# The BEST flea/tick control



## Wingman (Oct 21, 2009)

So I used K9 advantix II and it worked to a certain point but she pretty much always still had some fleas. I treated my house as well and still fleas. I live in the Midwest and the past few years we've had very bad sand fleas. I also have an indoor cat who will need preventative aspell. I'm not sure what to use I'd like something that is very effective yet may have a lower price point? So please only post suggestions if you have used the product for a while and had great results. Also I'll be treating my yard this summer.


----------



## Sucker For A Rednose (Sep 11, 2011)

We use Sentinel Spectrum for Dogs 49-99 lbs for our 3 dogs;
it covers fleas and heartworm all in one chewable tablet.

You can buy flea/heartworm meds on this site without a prescription;
it ships from Australia and takes a few weeks but is WELL worth it.
I took my package to the vet and he said it is the SAME EXACT thing 
that you can get here in the United States. 
It helps being friends with your vet because you can find stuff like this out.

Petsofoz.com


----------



## MamaTank (Jun 12, 2011)

I use Trifexis, it's $20 per pill and Keira takes it every 30 days. It sterilizes the fleas as well as killing them, so they can't breed before they die. One week on it, and I didn't see a single flea that wasn't dead or dying (and I probably saw 3) all summer. It also covers intestinal worms and heart worms. 

On a greener note, I have heard that tea tree oil helps too.

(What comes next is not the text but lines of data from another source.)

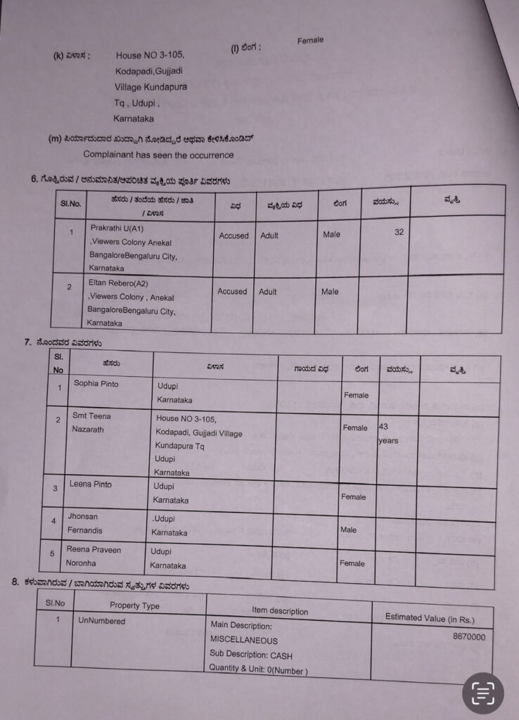 ಬೇರೆ ದೇಶಗಳಲ್ಲಿ ಉದ್ಯೋಗ ಪಡೆಯಲು ಬಯಸಿದ ಅನೇಕ ಜನರನ್ನು ವಂಚಿಸಿರುವ ಆರೋಪ ಎದುರಿಸುತ್ತಿರುವ ಬಂಗಲೂರಿನ ವಿವರ್ಸ್ ಕಾಲೋನಿ, ಅಂಕಲ್ ನಿವಾಸಿ ಶ್ರೀ ಎಲ್ಟನ್ ರೆಬೆಲೊ ಅವರ ಪತ್ನಿ ಪ್ರಕೃತಿ ವಿರುದ್ಧ ಉಡುಪಿ ಜಿಲ್ಲೆಯ ಪೊಲೀಸ್ ಇಲಾಖೆ ತನಿಖೆ ಪ್ರಾರಂಭಿಸಿದೆ.
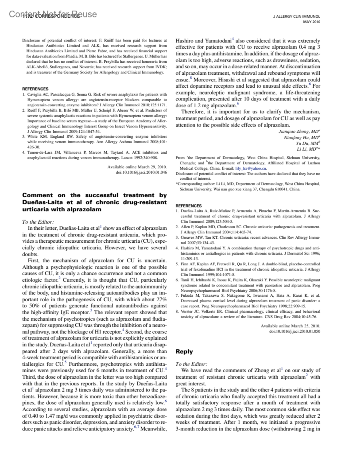 Journal of Allergy & Clinical Immunology 125(5):p 1172, May 2010.
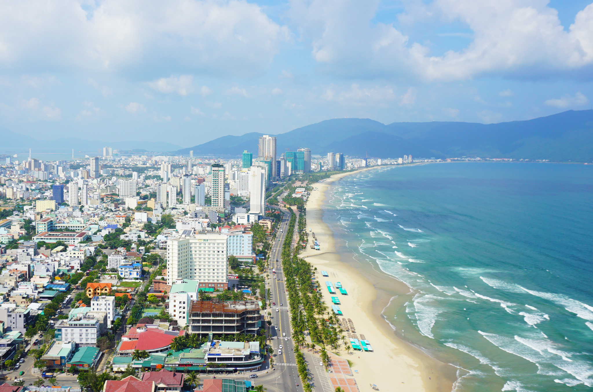 하얀 백사장을 만들어주는 모래는 입자가 곱지만 약간 굴은 편이다. 우리가 즐겨 사용하는 설탕 입자 정도라고 생각하면 비슷할 것 같다. 실제 모래의 색은 하얀색과 노란색이 뒤섞여 있다. 해가 뜨고 지는 시간에는 황금빛으로, 그 외에 시간에는 하얀색으로 보인다. 모래는 해변 이미지에 중요한 역할을 한다. 하얀 모래 위로 부서지는 포말을 보고 있자면 당장이라도 바다로 뛰어들고 싶은 충동이 생겨난다. 반대로 회색 혹은 검은 모래 해변을 보면 차갑고 무섭게 느껴져 그저 바라보기만 하게 된다. 그런 면에서 미케 해변은 휴양지로서 제격이다. 미케 해변 인근에서 머무는 여행자라면 도보나 자전거를 타고 충분히 해변을 오갈 수 있다. 반면 용교 건너편, 대성당 인근에 숙소를 잡았자면 택시나 그랩, 버스 등을 타고 해변으로 접근할 수 있다. 택시, 그랩 등 요금이 저렴해서 이동이 불편함은 없지만 대성당 앞에서 출발하는 5번 버스를 타도 무방하다. 요금은 5,000동이다. 대성당을 출발해 용교를 건너 미케 해변까지 약 20분 정도가 소요된다.

ETA-- it does require a vet prescription though, because your dog must be heart worm neg to take it.


----------



## ames (Jun 6, 2010)

I use revolution for flea's and heartworm. I really like it and it works well for my boys skin problems.

https://www.revolution4dogs.com/default.aspx


----------



## Odin`s_BlueDragon (Mar 11, 2012)

i use trifexis as well. vet prescribed and 6 month supply $119. 

although he doesnt like to chew the tablet. lol


----------



## Jared (Mar 7, 2012)

I use Trifexis as well, but was recently told it has had issues with dogs, I don't recall what they were, and I had already bought a 6 month supply of something else I just took my puppy off of it. Just a heads up, could be nothing. I will actually search now that it is back on my mind!


----------



## Jared (Mar 7, 2012)

Anyone else's boxer have reaction to trifexis? - Boxer Board

Trifexis invesitgated in my Lab's illness and death

Just a quick search, and I did not read through it all. Food for thought...


----------



## angelbaby (Feb 4, 2010)

I don't like using any pesticides on my dogs , would you use the product on your self? doesn't seem safe to me but to each there own. The garlic works great for our dogs fleas , I also am lucky we have never even seen a tick up here so not sure if there is anything natural to help with those or not.


----------



## ames (Jun 6, 2010)

angelbaby said:


> I don't like using any pesticides on my dogs , would you use the product on your self? doesn't seem safe to me but to each there own. The garlic works great for our dogs fleas , I also am lucky we have never even seen a tick up here so not sure if there is anything natural to help with those or not.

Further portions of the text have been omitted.